Slowly, less a part of the world than a cloud of dust motes but still in agony, Heyou wafted from his hiding place and across the shattered floor of the cottage, headed away from the other battler. His aura he swallowed completely, leaving nothing for his enemy to feel or track him by. He felt nearly blind without it and as naked as he now understood Solie was when he’d first met her—defenseless. It was…humbling.

He flowed across the floor and out through a crack in the wall. There the early-morning sun shone down on him, warming his edges as he shadowed across the lane and into the woods. From there he fled across the orchards and the hills, following a tenuous link that took him slowly northward, in the direction his queen had gone.

It was incredibly hard, his energy cloud form disrupted so badly that it could barely keep its shape. Heyou finally had to stop and resume human shape, giving himself a framework in which to exist before he tumbled into oblivion completely.

Doing so hurt as much as the blow he’d taken from the other battler. Heyou knelt on the leafy, moldy ground and pressed his face to it, weeping from the pain, his skin cold for the very first time under his worn tunic. Physically, he looked as Solie had wished, but he could feel the injuries inside. His enemy had crippled him.

“Solie,” he gasped. She would make everything better. His queen would feed him the energy he needed, and he knew he had to be with her. That instinct was still incredibly strong, if tempered by exhaustion and a strange new loneliness. He’d never been lonely before. Angry, yes, and
determined, but never lonely. He couldn’t defend her anymore, but he could be with her, as she could be with him. That was worth surviving for.

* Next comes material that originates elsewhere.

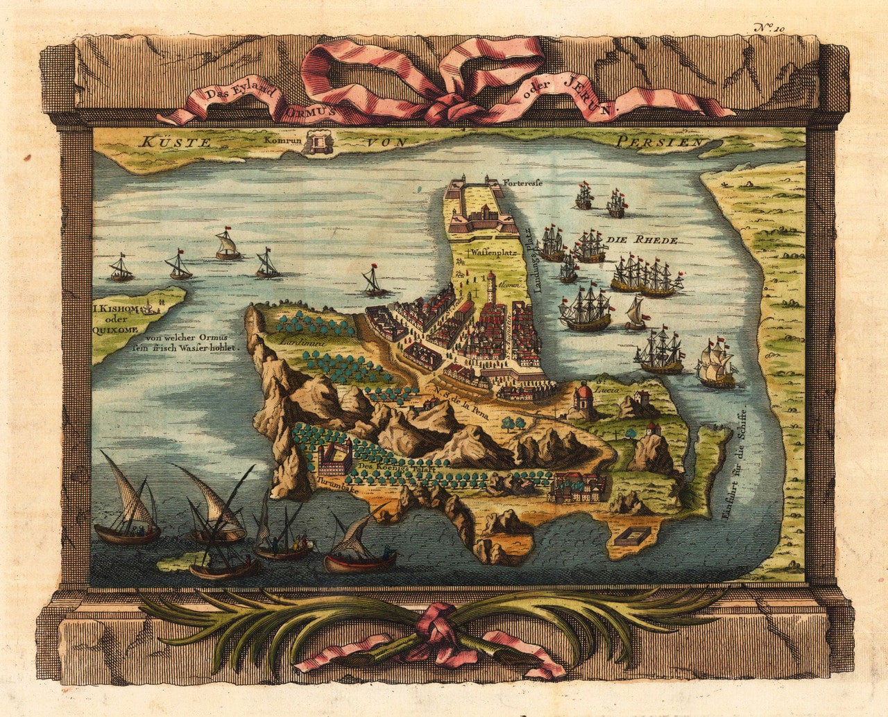 Довольно большого внимания со стороны европейских картографов удостоился портовый город Ормуз на юге Ирана. В XIII веке туда прибывал Марко Поло. В 1515 году город был колонизирован португальцами и оставался под их контролем на протяжении более ста лет, пока в 1622 году они не передали город персам.

Heyou forced himself to his feet by sheer force of will, choking and shuddering as he did. He could feel the harsh ground under his bare feet and stumbled, falling to his knees. That hurt more.

Finally, he found a broken sapling about his height and stripped the branches off, used it to help him stand. Leaning on it, he slowly moved to follow his queen.

Deep in a dream about Lizzy, Ril twitched and came awake, his eyes blinking open as he glanced around in the earlymorning light. For a moment he’d thought he felt…He ruffled his feathers, listening intently with something other than ears.

He’d been sure he killed the other battler—or damaged him so severely that his energy would continue leaking out until he died. Now he wasn’t quite so sure. He shifted and half spread his wings, ready to race in whatever direction was necessary so he could finish the job. But he couldn’t sense anything. Not clearly.

Leon, who had been talking to a frightened old man outside a crater that used to be a cottage, looked at him with one eyebrow raised. He didn’t say anything, though.

Ril had seen many masters talk to their sylphs, asking them questions that they weren’t allowed to answer. Leon at least had never been so stupid. He held his tongue, letting his battler search. Ril ignored him and focused, looking for that faint tinge of hate that would reveal his quarry.

He turned his head, and Leon turned as well, walking slowly in whatever direction Ril looked, carrying him forward. They traveled across the ruins of the town to the devastated cottage into which the battler had crashed, the old man following uncertainly at Leon’s beckoning. There,
Leon shifted Ril to his arm and held him up, stepping carefully inside, waving dust out of his face. Ril looked down and his master knelt, lowering him. Ril gripped Leon’s forearm hard.